The overhead rows are calculated on the basis that the serial code takes 5 seconds and there are sufficient HW resources for each parallel thread.
(The serial code timings have not been explicitly measured but is estimated to be between 1.9 and 6.5 seconds.)
The real time Intel/GNU ration is measured by dividing the time consumed by Intel-compiled binary to the time consumed by GNU-compiled binary.
The values in the picture in textual form
- Code: Select all
OMP_NUM_THREADS 1 2 4 8 16(physical) 32(logical) 64 33
Intel real 15m15.308s 7m40.323s 3m57.776s 2m6.339s 1m17.919s 0m53.717s 2m22.400s 1m40.729s
user 15m14.504s 15m15.551s 15m37.508s 16m19.855s 19m43.421s 25m35.112s 32m20.851s 30m4.700s
sys 0m0.037s 0m0.056s 0m0.031s 0m0.067s 0m0.074s 0m0.308s 41m14.614s 16m34.348s
clock(), s 915 916 938 980 1183 1535 4415 2799
overhead 0% 2% 7% 28% 71%
GNU real 17m57.704s 8m59.814s 4m38.910s 2m27.984s 1m31.976s 1m8.790s 1m3.142s 1m5.969s
user 17m56.760s 17m53.548s 18m19.413s 19m8.075s 23m14.564s 27m43.283s 30m59.307s 29m8.941s
sys 0m0.038s 0m0.034s 0m0.023s 0m0.035s 0m0.073s 0m0.118s 0m0.304s 0m0.145s
clock(), s 1077 1074 1099 1148 1395 1663 1860 1749
overhead 0% 2% 7% 30% 90%
real time Intel/GNU 85% 85% 85% 85% 85% 78% 226% 153%
- scalability_table.PNG (14.8 KiB) Viewed 4581 times
- scalability_pic.gif (3.93 KiB) Viewed 4581 times
InterpretationIn general Intel compiler shows stable 15% faster code.
This partially could be due to the fact that years ago heavy work have been done in the optimization of the internal loops in the solver and then Intel compiler has been used.

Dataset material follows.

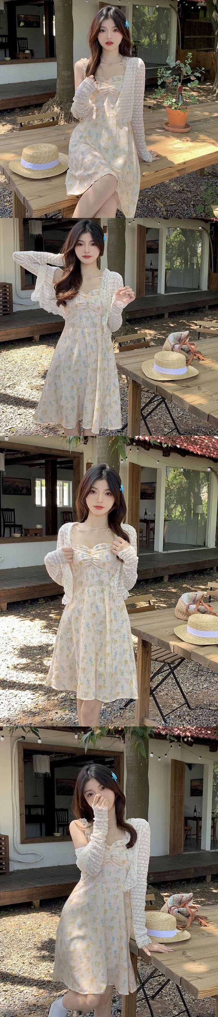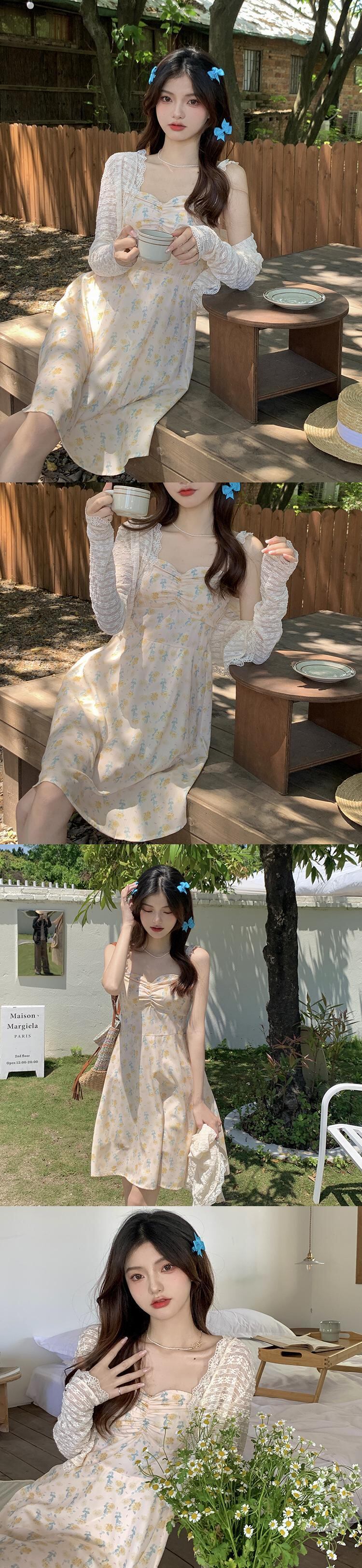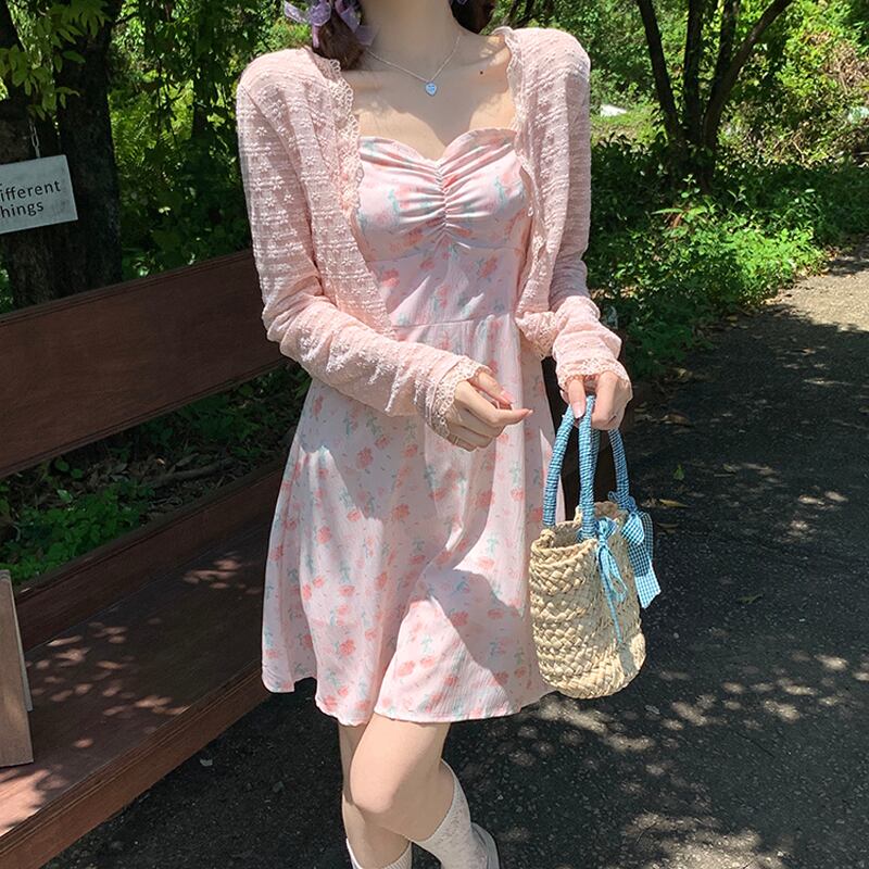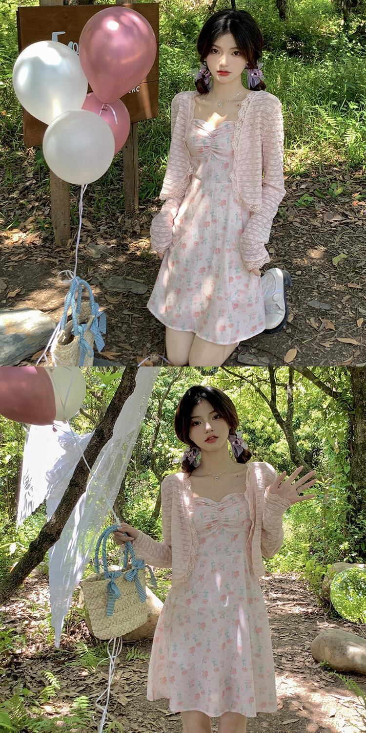 フローラルドレスレディースサマー薄シフォンサスペンダースカート甘くて優しいデザインセンス半ノースリーブスカート ショート 半袖 ハーフスリーブ 大人ガーリー スウィート キュート カジュアル 夏物 花柄 7460071625517729 | framboise21

The only part in code where explicit difference exist (via a macro) is the unrolling of one 9-iterations loop, where it has been extensively tested that Intel compiler performs better with unrolling but GNU compiler performs better without unrolling.
At the edge of the threads (32), Intel compiler performs 22% faster, but both binaries don't work well.
The overhead is unexpectedly high, at lest for 16 threads and above.
Later attempts in minimization of the locked time have been done. They resulted in few percents better performance even for single thread, but virtually unchanged scalability.
The tested code flushes at once the puzzles suitable for output or next iteration obtained by adding a clue to a single puzzle. An experiment to flush results from 100 source puzzles at once gave worse result. Flushing any new puzzle immediately gave better result but no measurable change in the scalability.
Intel's binary performs very bad when overloaded. Even enforcing the thread count from 32 to 33 leads to disaster degrading performance almost twice. The user time increases but the boost comes from system time.
GNU performs better with more threads. User and system times slightly increase, but the real time decreases. This should be covered by the reduced idle time.
One explanation of this paradox is that compilers use different OMP libraries or at least different default values for the policies used by the library.
In only one test (out of more than 10), for 33 threads, Intel's binary performed just like the GNU one, slightly increasing user/sys but decreasing the real time.
The modern OMP runtime can monitor the CPU load and automatically reduce the load by its threads. This behavior was not in the scope of these tests.
ConclusionsIntel compiler performs 15% better on single thread and 22% better on the default number of threads = number of logical CPUs.
For the binary compiled with Intel's compiler, if the number of threads is enforced to the number of logical CPUs, any other CPU-consuming process could drastically degrade the performance.
Leaving the runtime to determine the number of parallel threads could save the process from the observed overloading disaster.
GNU compiler demonstrated better behavior in the cases where it has been simulated that the user doesn't know what he is actually doing.